The c-kit receptor tyrosine kinase belongs to the PDGF/CSF-1/c-kit receptor subfamily. The kit-ligand, KL, also called steel factor, is synthesized from two alter natively spliced mRNAs as transmembrane proteins that can either be proteolytically cleaved to produce soluble forms of KL or can function as cell-associated molecules. The c-kit receptor kinase and KL are encoded at the white spotting (W) and steel (Sl) loci of the mouse, respectively. Mutations at both the W and the Sl locus cause deficiencies in gametogenesis, melanogenesis and hematopoiesis.
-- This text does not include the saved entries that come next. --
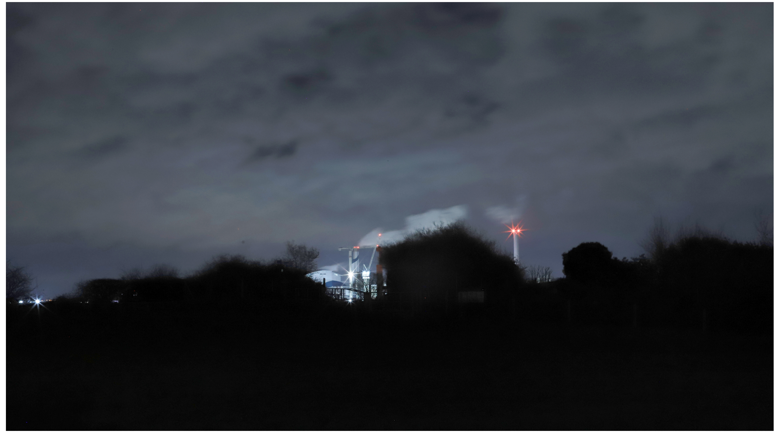
View 7: From Thamesmead Residential, Lytham Close, looking east
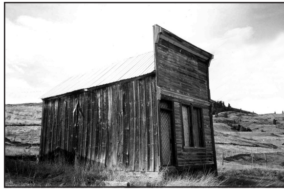
Early Customs Building in Chesaw, WA
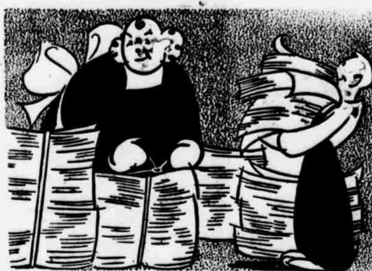
SELL your old newspapers and magazines. Also, old rags and rubber articles. The Salvage for Victory program needs them.
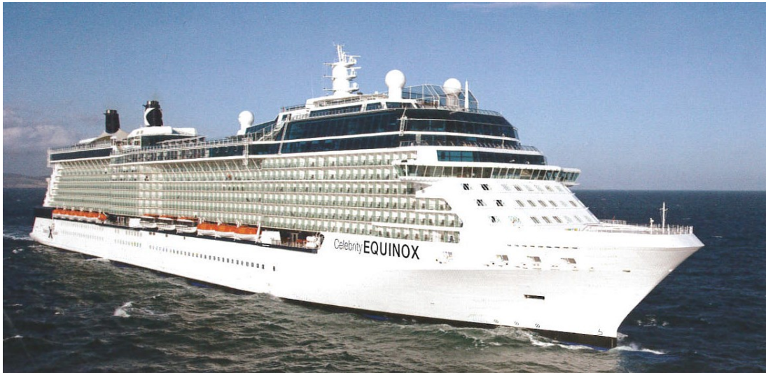
The Solstice Class of Ships

We will leave a day early and overnight in Ft. Lauderdale in a nice hotel where breakfast will be included in the morning before we board the ship.
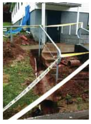
wet, cold, dirty job.

After looking the situation over, members Joe. Coralvnn Condon, and Dale Schultes decided the only course of action was to replace the drainage pipe. As you can see in the picture that it was no easy solution. Reminder this happened in late December and the weather was not exactly warm. Thus a dirty job became a
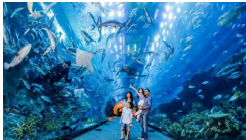
Aquarium and Underwater Zoo In Dubai
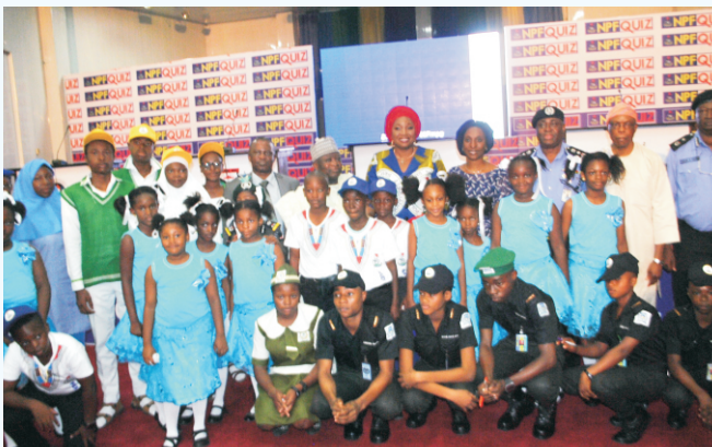
More contestants pose with the guests
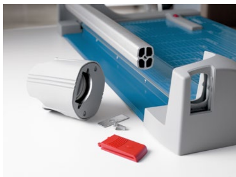
Easy-to-change cutting head to keep work processes running smoothly
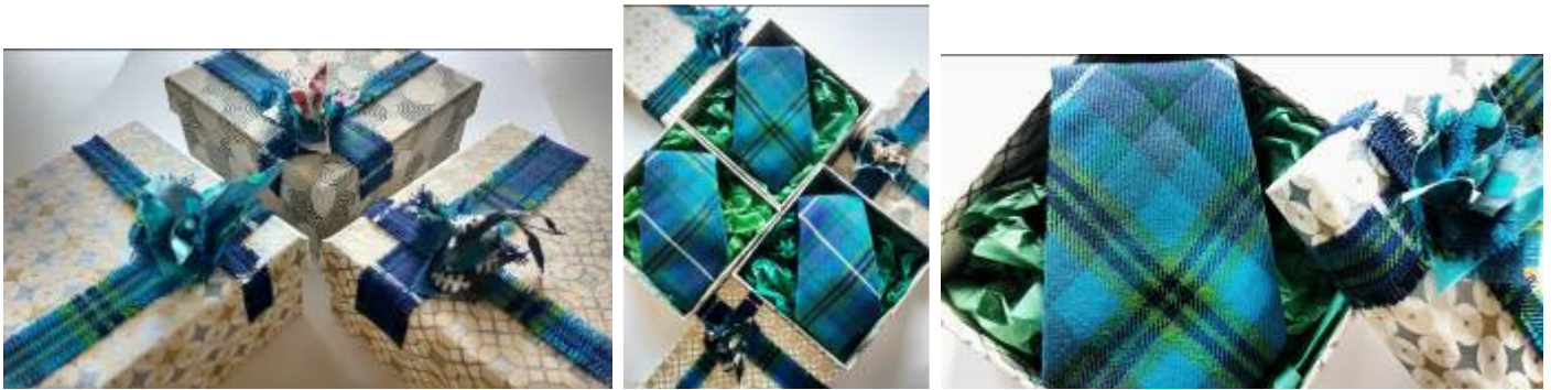
Above from left: Ties commissioned for Fair Trade Fiesta
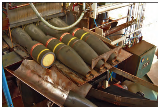
Photo (right): The saw-cutting of high-explosive projectiles to expose their energetic content, after which the components travel on a conveyor belt to the next station to melt out the explosives, Lübben, Germany, 2012. © Sprewerk Lübben GmbH
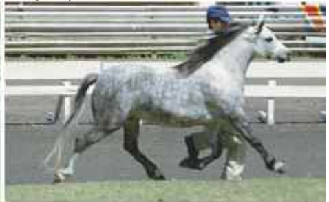
Llandilo Fiji, Sec A Mare 6-10 2nd
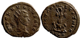
646 Roman Imperial coin 18mm 2,68g
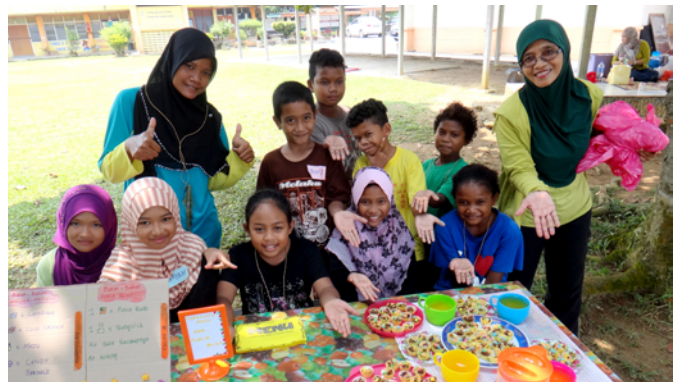
The happy faces of the participants after preparing their menu for the "Prepare to Serve" activity.

Murid-murid Orang Asli serta guru-guru pengiring dan sukarelawan/perantis Perpustakaan Permainan 'i-play' telah memperoleh manfaat dari aspek pengetahuan akademik, fizikal dan insaniah melalui pengisian serta aktiviti interaktif termasuk sesi lawatan ke Perpustakaan Permainan 'i-play' di SK Kampung Selamat dan lawatan ke Pulau Orang Utan.
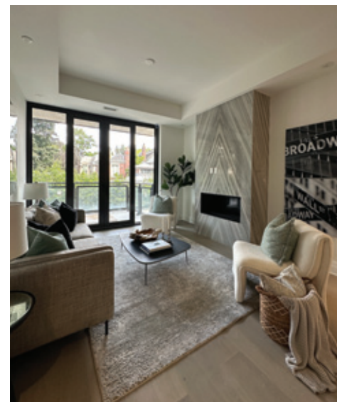
Forest Hill Private Residences, model suite

The c-kit receptor is expressed in the cellular targets of W and Sl mutations, while KL is expressed in their microenvironment. In melanogenesis, c-kit is expressed in melanoblasts from the time they leave the neural crest and expression continues during embryonic development and in the melanocytes of postnatal animals. In gametogenesis c-kit is expressed in primordial germ cells, in spermatogonia, and in primordial and growing oocytes, implying a role at three distinct stages of gametogenesis.

Many mutant alleles are known at W and Sl loci and their phenotypes vary in the degree of severity in the different cellular targets of the mutations. While many W and Sl alleles severely affect primordial germ cells (PGC), several mild Sl alleles have weak effects on PGCs and exhibit differential male or female sterility. Steel Panda (Slpan) is a KL expression mutation in which KL RNA transcript levels are reduced in most tissues analyzed. In female Slpan/Slpan mice, ovarian follicle development is arrested at the one layered cuboidal stage as a result of reduced KL expression in follicle cells, indicating a role for c-kit in oocyte growth.

Wsh is a c-kit expression mutation, which affects mast cells and melanogenesis. While the mast cell defect results from lack of c-kit expression, the pigmentation deficiency appears to stem from ectopic c-kit receptor expression in the somitic dermatome at the time of migration of melanoblasts from the neural crest to the periphery. It is proposed that the ectopic c-kit expression in Wsh mice affects early melanogenesis in a dominant fashion. The “sash” or white belt of Wsh/+ animals and some other mutant mice is explained by the varying density of melanoblasts along the body axis of wild-type embryos.